For example, let’s say you need to provide email for 5000 users, handle user authentication for workstations, serve a medium-use website (>10000 hits/day), document management, and handle human resources -related stuff (employee contracts, sick/vacation time use, benefits, time tracking). From my understanding, a typical organization who needs to do this will solicit proposals from several vendors, fight their internal bureaucracies over how much should be spent, what OS to use, etc, and then finally start purchasing equipment after several months. In a perfect world, the vendor supplies support and training to administrators so they can run the hardware for their organization, but otherwise leave the ‘real’ work up to the customer.

I think a very profitable business could be run in which a vendor receives such a request from a customer, but instead of worrying about which hardware goes in which closet, is there enough rack space already, or do they need more, etc, they could provide the entire package in a container that could be delivered via truck (or train).
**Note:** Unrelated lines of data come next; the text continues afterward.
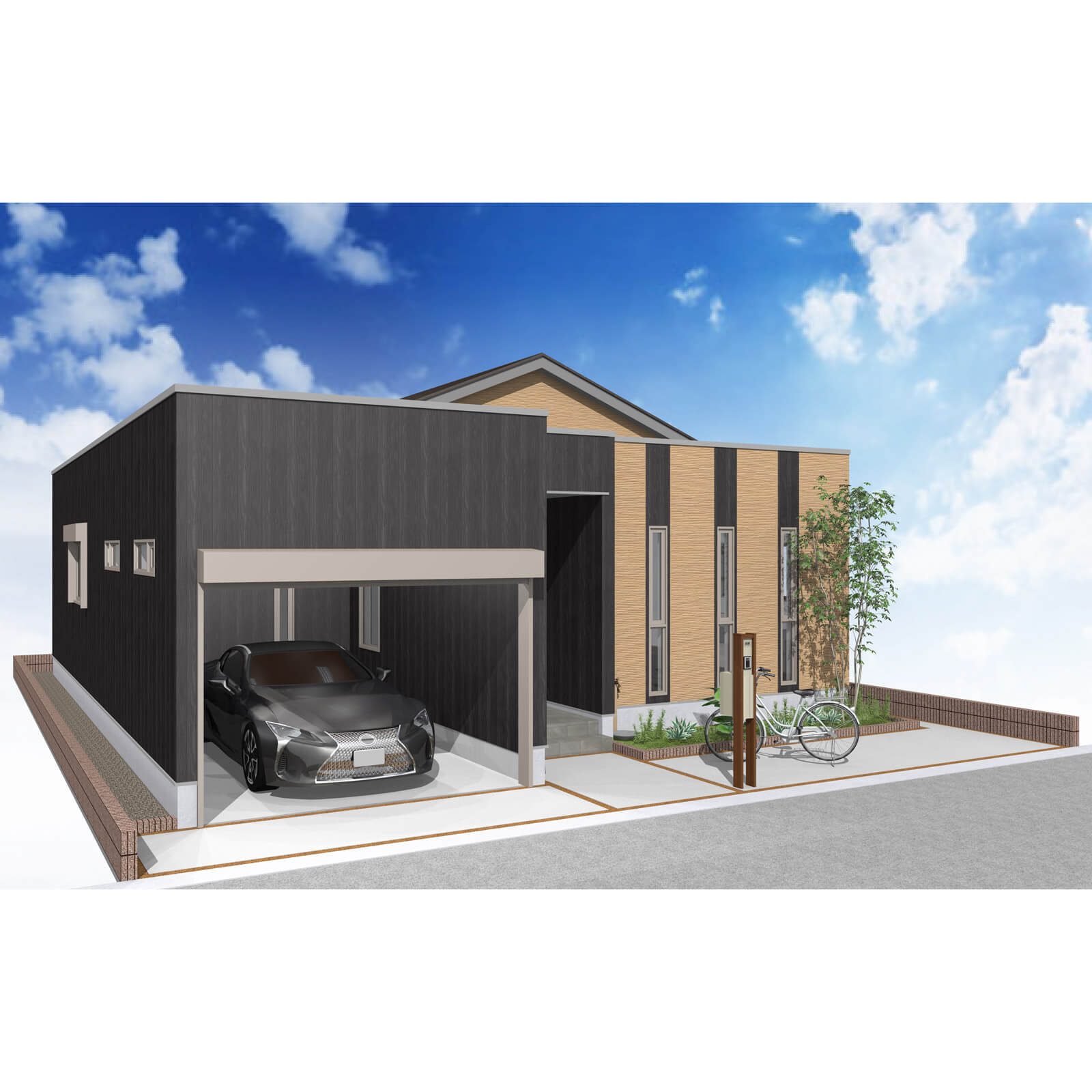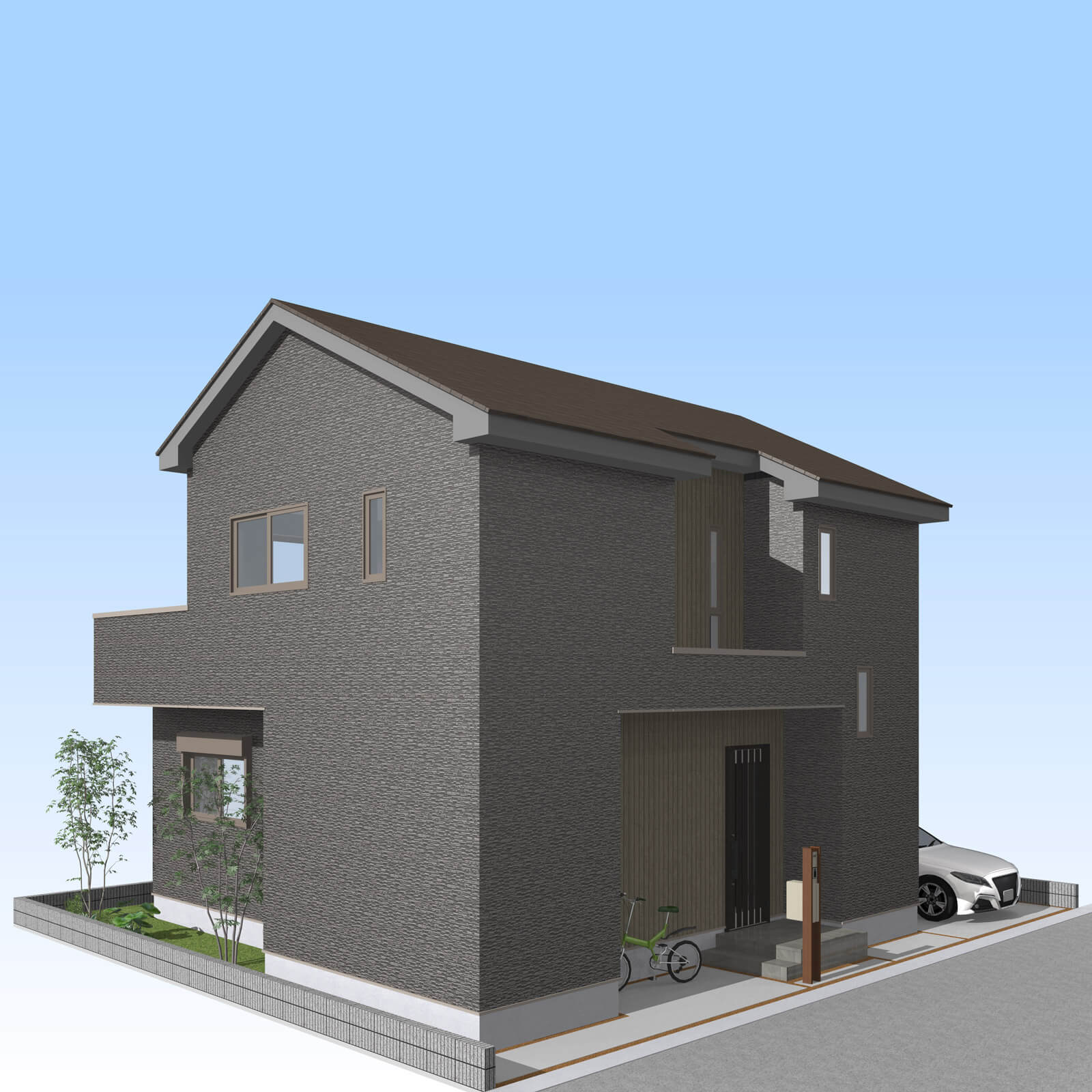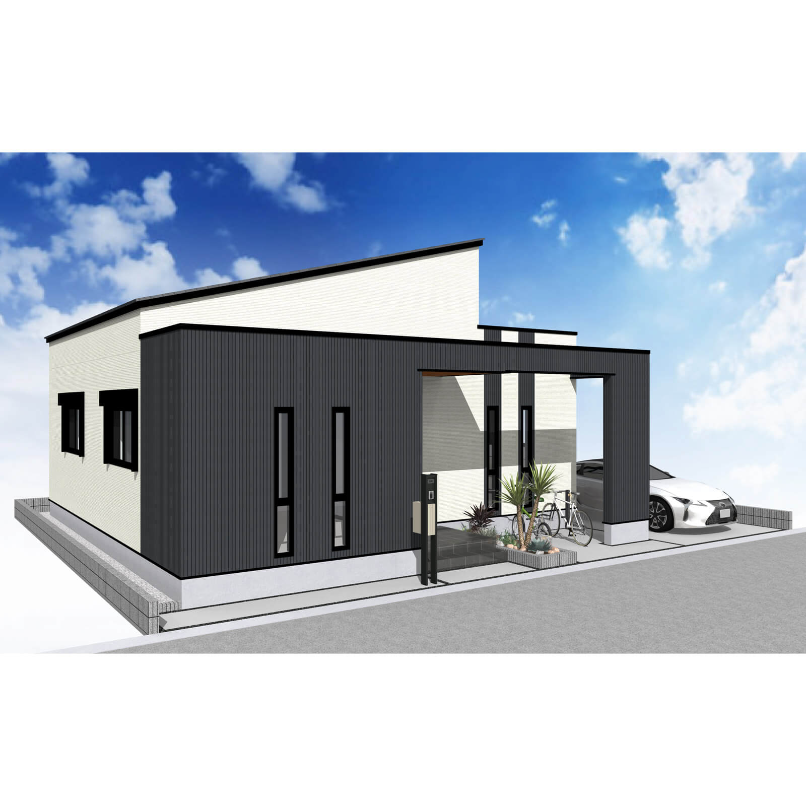 玄関ポーチ脇に植栽を配置。リビング前の袖壁上部を利用し、サイクルポートを配置しました。
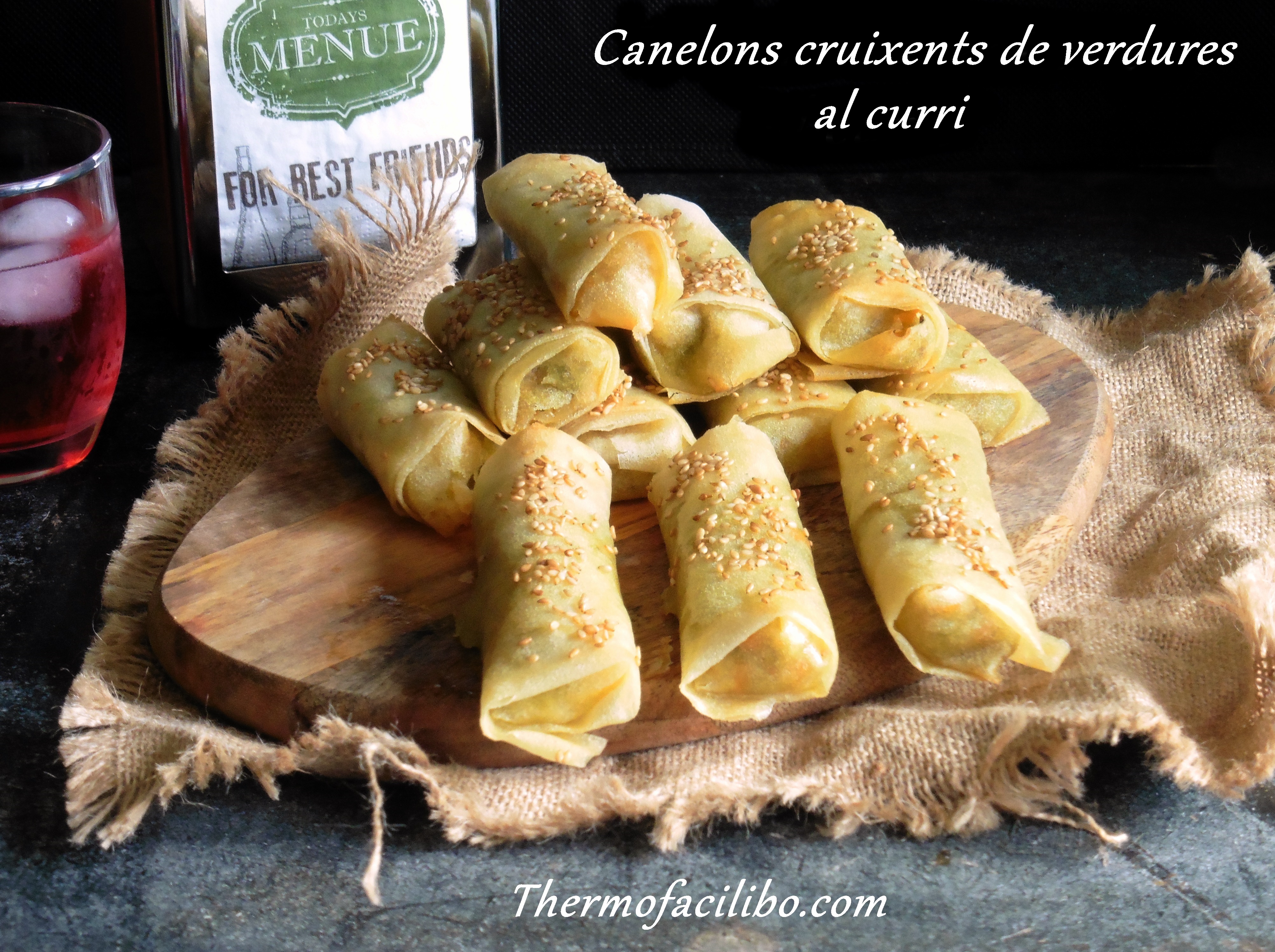 Són com uns canelons fets de pasta brick i farcits de verdures aromatitzades amb curri. Tenen una textura exterior cruixent i un interior sucós i molt gustós, gràcies al farcit de verdures. A casa, són un èxit assegurat, cada vegada que els preparo, desapareixen en un tres i no res.
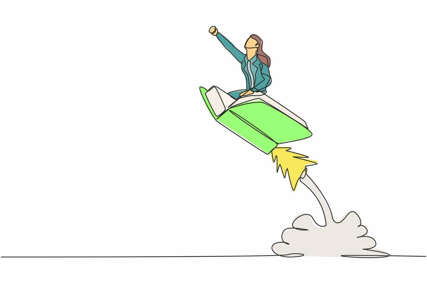 Single continuous line drawing businesswoman riding open book rocket flying in sky. Launch new library at school. Increase interest in reading smart student. One line draw design vector illustration Pro Vector
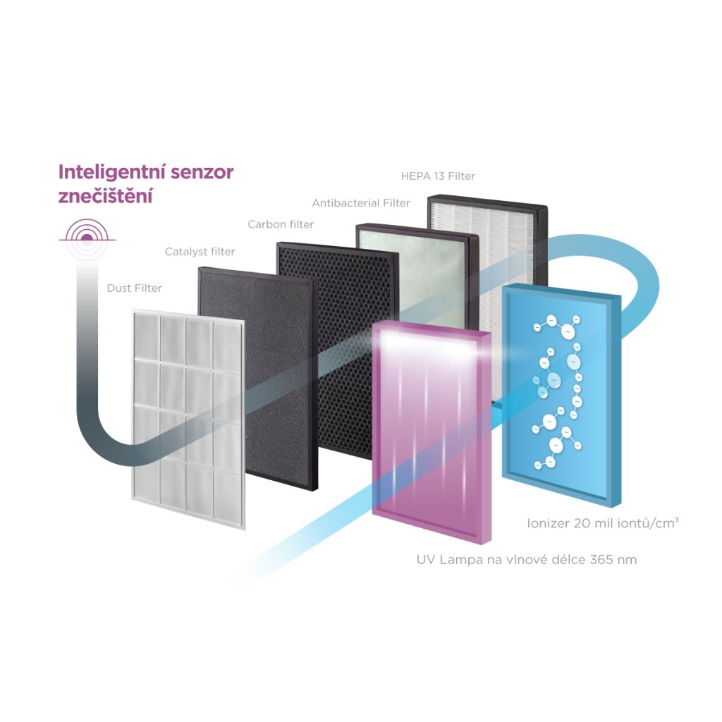 - 7 stupňů filtrace vzduchu (5x filtr + ionizátor + UV lampa)
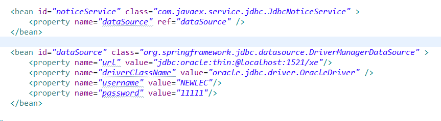 bean dataSource 객체에는 스프링 jdbc중 DriverManager객체를 추가해준다
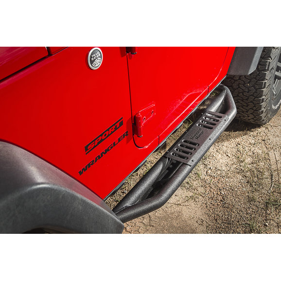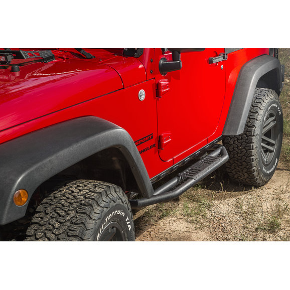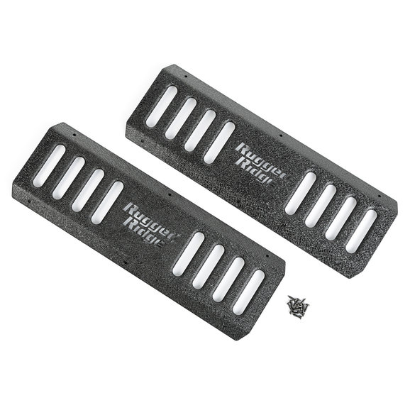 If you have a pair of RRC Side Armor Guards then you need these Side Armor Step Plates. Made of stamped steel then black powder-coated, these step plates give you a solid platform while getting in & out of your Jeep. With stylish recessed vents and the cutout Rugged Ridge logo, these step plates are as good looking as they are functional. Sold as a set of 2. Designed to fit 11504.21.
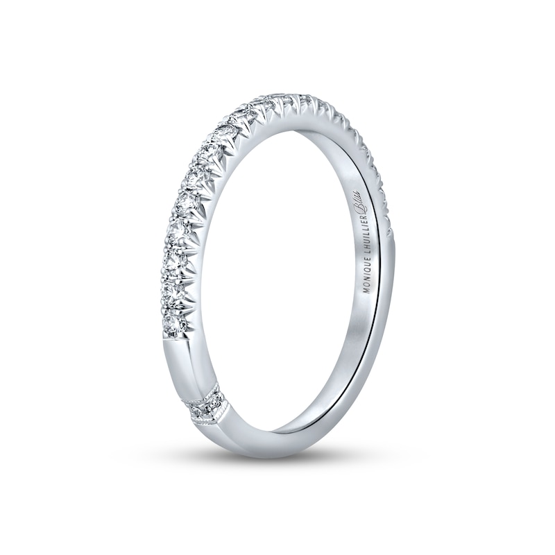 This exquisite wedding band showcases a row of sparkling round-cut diamonds and milgrain detailing. Styled in lustrous 18K white gold, the ring has a total diamond weight of 1/3 carat. From the Monique Lhuillier Bliss collection, available exclusively at KAY. Please note: This ring is available in limited sizes. If you don't see your size here, please visit a store to order your ring.
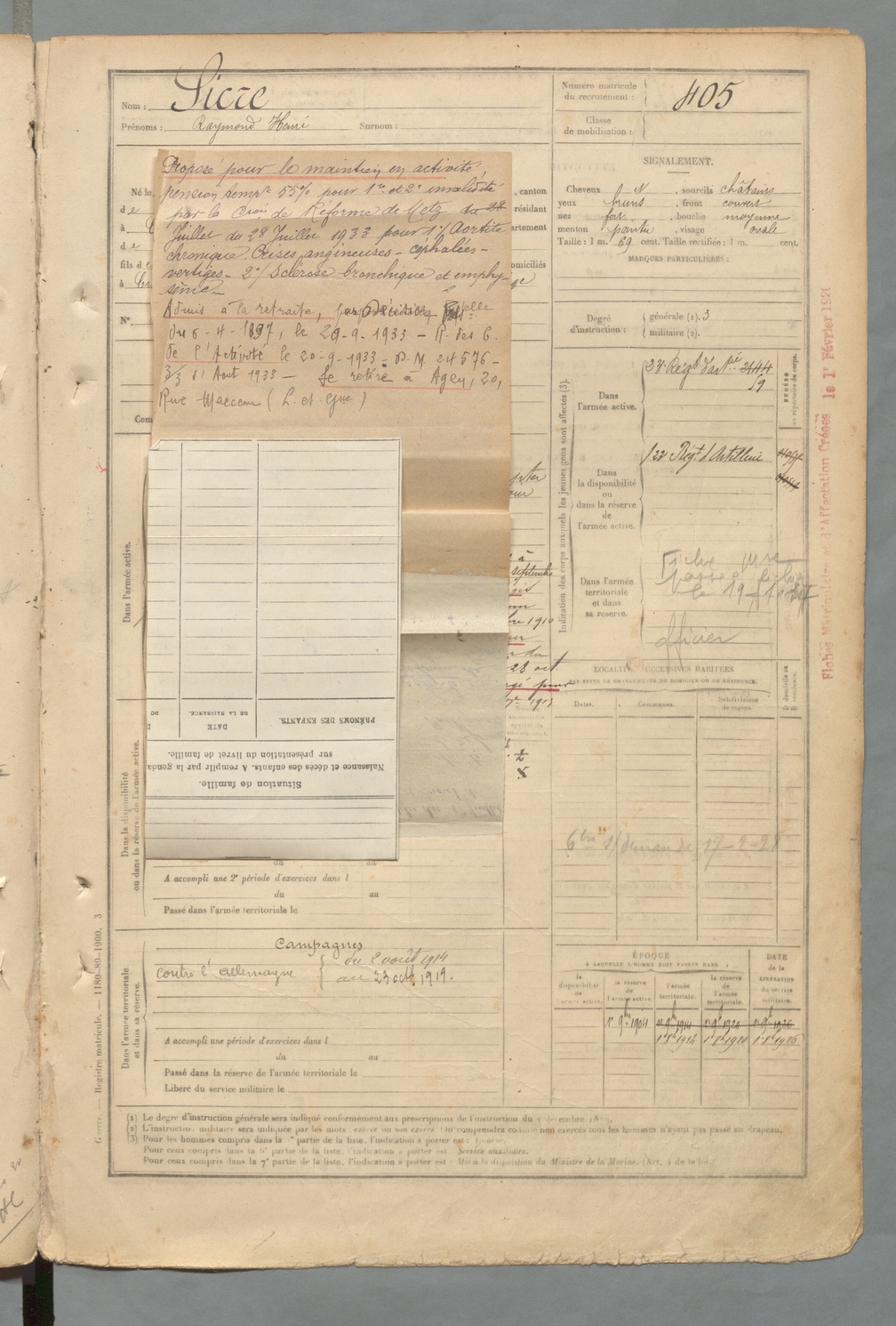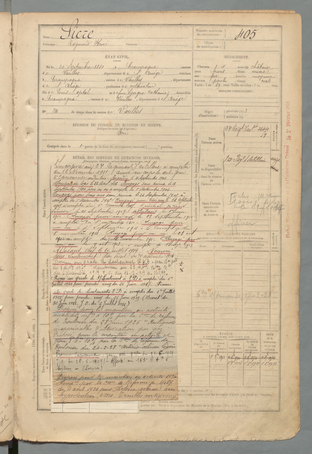 | Sicre | Raymond Henri | FOIX | 129 W 2 | 1900 | Crampagna | Crampagna | 405 |

Said container could include its own HVAC unit, and only need a couple connectors to the outside world to become a ‘usable’ server room when it’s delivered.

My vision for this is to install lots of rack space into a default arrangement in the container, preroute cooling and ventilation ducts, wire the whole container for power, phone, and network, and install insulation inside the container, so that the HVAC unit won’t be working overtime to keep the box cold.

Containers have lots of space inside of them, and could easily be used to hold dozens of servers, storage units, and networking infrastructure hardware. Once a customer settled on what they need, in terms of current and future capacity, minimum networking requirements, OS, etc, the vendor would just install all of the necessary hardware into the racks inside the container, install non-proprietary software into the hardware – basically everything the systems administrators would have to do when the hardware arrived at their location – but would then just close the doors on the container, hire a trucking outfit to deliver the container, and have it dropped-off at the customer’s location.

All that would be left for the customer would be decide where they wanted their datacenter, connect power and network, and turn it on.

What do you think?